Can't define __call__ within __init__?
mnordhoff at mattnordhoff.com
Wed Mar 10 14:58:07 CET 2010
Neal Becker wrote:
> Simon Brunning wrote:
>> On 10 March 2010 13:12, Neal Becker <ndbecker2 at gmail.com> wrote:
>>> Want to switch __call__ behavior. Why doesn't this work? What is the
>>> correct way to write this?
>>> class X (object):
>>> def __init__(self, i):
>>> if i == 0:
>>> def __call__ (self):
>>> return 0
>>> def __call_ (self):
>>> return 1
>>> x = X(0)
>>> TypeError: 'X' object is not callable
>> __call__ is in the __init__ method's local namespace - you need to
>> bind it to the class's namespace instead:
>> X.__call__ = __call__
>> But this probably isn't what you want either, since all instances of X
>> will share the same method.
>> What are you trying to do?

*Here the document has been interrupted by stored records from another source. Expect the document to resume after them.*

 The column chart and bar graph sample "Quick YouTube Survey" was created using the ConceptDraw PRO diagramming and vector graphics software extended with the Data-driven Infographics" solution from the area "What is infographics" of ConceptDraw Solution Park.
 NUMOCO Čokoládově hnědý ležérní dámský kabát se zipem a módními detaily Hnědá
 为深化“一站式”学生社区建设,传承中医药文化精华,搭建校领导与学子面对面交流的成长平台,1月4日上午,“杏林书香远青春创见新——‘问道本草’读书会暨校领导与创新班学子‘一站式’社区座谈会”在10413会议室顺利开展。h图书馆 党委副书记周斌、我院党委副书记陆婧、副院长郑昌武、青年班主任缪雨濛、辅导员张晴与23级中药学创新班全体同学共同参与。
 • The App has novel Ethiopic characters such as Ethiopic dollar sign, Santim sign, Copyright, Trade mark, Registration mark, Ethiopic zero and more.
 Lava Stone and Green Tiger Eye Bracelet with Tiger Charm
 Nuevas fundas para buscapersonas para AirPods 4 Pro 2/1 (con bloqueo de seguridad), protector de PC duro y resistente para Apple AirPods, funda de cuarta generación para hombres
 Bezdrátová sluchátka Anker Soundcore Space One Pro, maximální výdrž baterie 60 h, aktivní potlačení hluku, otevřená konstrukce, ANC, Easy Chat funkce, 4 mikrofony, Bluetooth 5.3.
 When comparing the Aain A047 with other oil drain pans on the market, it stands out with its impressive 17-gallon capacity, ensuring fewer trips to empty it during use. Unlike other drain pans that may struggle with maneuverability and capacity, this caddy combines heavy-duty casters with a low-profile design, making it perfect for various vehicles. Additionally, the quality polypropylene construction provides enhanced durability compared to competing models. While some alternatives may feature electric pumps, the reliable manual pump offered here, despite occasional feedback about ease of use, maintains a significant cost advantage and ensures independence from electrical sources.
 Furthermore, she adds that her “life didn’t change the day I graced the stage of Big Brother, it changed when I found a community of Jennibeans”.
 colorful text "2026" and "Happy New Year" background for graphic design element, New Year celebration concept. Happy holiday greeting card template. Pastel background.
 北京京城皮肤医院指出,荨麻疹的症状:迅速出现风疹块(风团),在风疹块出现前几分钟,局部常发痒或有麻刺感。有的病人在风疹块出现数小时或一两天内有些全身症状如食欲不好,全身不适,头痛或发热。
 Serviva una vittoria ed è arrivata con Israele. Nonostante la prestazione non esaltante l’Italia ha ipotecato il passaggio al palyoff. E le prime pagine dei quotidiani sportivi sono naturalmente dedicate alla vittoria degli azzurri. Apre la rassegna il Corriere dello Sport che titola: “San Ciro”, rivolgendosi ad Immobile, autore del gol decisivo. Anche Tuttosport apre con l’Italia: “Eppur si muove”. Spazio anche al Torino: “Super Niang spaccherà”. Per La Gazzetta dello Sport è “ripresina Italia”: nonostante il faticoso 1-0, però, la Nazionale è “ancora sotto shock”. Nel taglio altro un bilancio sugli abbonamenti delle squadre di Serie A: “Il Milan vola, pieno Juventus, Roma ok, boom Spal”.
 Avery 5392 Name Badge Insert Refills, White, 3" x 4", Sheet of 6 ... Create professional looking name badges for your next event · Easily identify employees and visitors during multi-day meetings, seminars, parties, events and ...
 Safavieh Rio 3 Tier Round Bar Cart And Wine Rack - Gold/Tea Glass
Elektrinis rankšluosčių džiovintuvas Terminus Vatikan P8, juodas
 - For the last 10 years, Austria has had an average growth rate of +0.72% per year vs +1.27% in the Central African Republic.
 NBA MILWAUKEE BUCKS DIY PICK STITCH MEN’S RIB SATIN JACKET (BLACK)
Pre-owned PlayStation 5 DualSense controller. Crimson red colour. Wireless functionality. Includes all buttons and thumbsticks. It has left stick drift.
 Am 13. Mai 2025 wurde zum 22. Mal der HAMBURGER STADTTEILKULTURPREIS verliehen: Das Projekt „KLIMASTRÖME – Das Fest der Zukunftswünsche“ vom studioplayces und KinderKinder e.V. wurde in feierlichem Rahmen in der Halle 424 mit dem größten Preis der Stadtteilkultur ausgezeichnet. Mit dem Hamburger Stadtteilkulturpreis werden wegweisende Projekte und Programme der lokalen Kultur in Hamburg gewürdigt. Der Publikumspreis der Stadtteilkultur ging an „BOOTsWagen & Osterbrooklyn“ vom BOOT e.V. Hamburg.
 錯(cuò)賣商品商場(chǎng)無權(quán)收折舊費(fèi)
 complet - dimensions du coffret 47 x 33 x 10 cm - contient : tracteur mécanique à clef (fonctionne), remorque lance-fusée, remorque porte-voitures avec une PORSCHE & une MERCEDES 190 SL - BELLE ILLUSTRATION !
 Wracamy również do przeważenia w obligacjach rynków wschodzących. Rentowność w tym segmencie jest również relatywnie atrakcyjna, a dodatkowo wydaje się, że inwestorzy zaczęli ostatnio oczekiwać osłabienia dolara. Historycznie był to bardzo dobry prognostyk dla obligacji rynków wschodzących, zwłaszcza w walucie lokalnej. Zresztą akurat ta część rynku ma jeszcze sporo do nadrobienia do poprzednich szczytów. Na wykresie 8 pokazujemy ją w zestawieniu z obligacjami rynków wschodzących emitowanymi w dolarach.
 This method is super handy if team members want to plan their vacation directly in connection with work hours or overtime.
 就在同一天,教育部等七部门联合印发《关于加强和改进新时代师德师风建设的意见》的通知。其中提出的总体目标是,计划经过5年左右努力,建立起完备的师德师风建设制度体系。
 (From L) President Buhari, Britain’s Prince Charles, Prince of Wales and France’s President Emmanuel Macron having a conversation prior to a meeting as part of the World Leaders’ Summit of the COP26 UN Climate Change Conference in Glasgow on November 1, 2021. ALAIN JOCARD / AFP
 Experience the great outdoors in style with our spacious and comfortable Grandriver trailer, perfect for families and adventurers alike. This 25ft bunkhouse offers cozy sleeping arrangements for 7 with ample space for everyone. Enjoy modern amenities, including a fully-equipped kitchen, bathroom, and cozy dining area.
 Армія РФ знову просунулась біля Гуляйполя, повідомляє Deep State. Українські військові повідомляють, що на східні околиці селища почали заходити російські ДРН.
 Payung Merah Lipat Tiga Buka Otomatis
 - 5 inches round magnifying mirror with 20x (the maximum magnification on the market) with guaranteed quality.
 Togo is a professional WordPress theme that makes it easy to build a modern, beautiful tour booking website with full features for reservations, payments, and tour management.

In your simple example, you'd be much
>> better off with a single __call__ method. But you knew that.
> Sorry, a bit early in the morning. This works:
> class X (object):
> def __init__(self, i):
> if i == 0:
> def F (self):
> return 0
> def F (self):
> return 1
> self.F = F
> def __call__ (self):
> return self.F (self)
> Not sure if there is a more elegant (or compact) way to write this.
> Could __call__ be defined directly within __init__?
> What I'm trying to do is make a callable whose behavior is switched based on
> some criteria that will be fixed for all calls. In my example, this will
> ultimately be determined by the setting of a command line switch.
ISTM it would be prettiest to do:
def __init__(self, i):
self.flag = i == 0
Or, if the comparison isn't particularly expensive, it would look nicer
to just use self.i and do "self.i == 0" in __call__.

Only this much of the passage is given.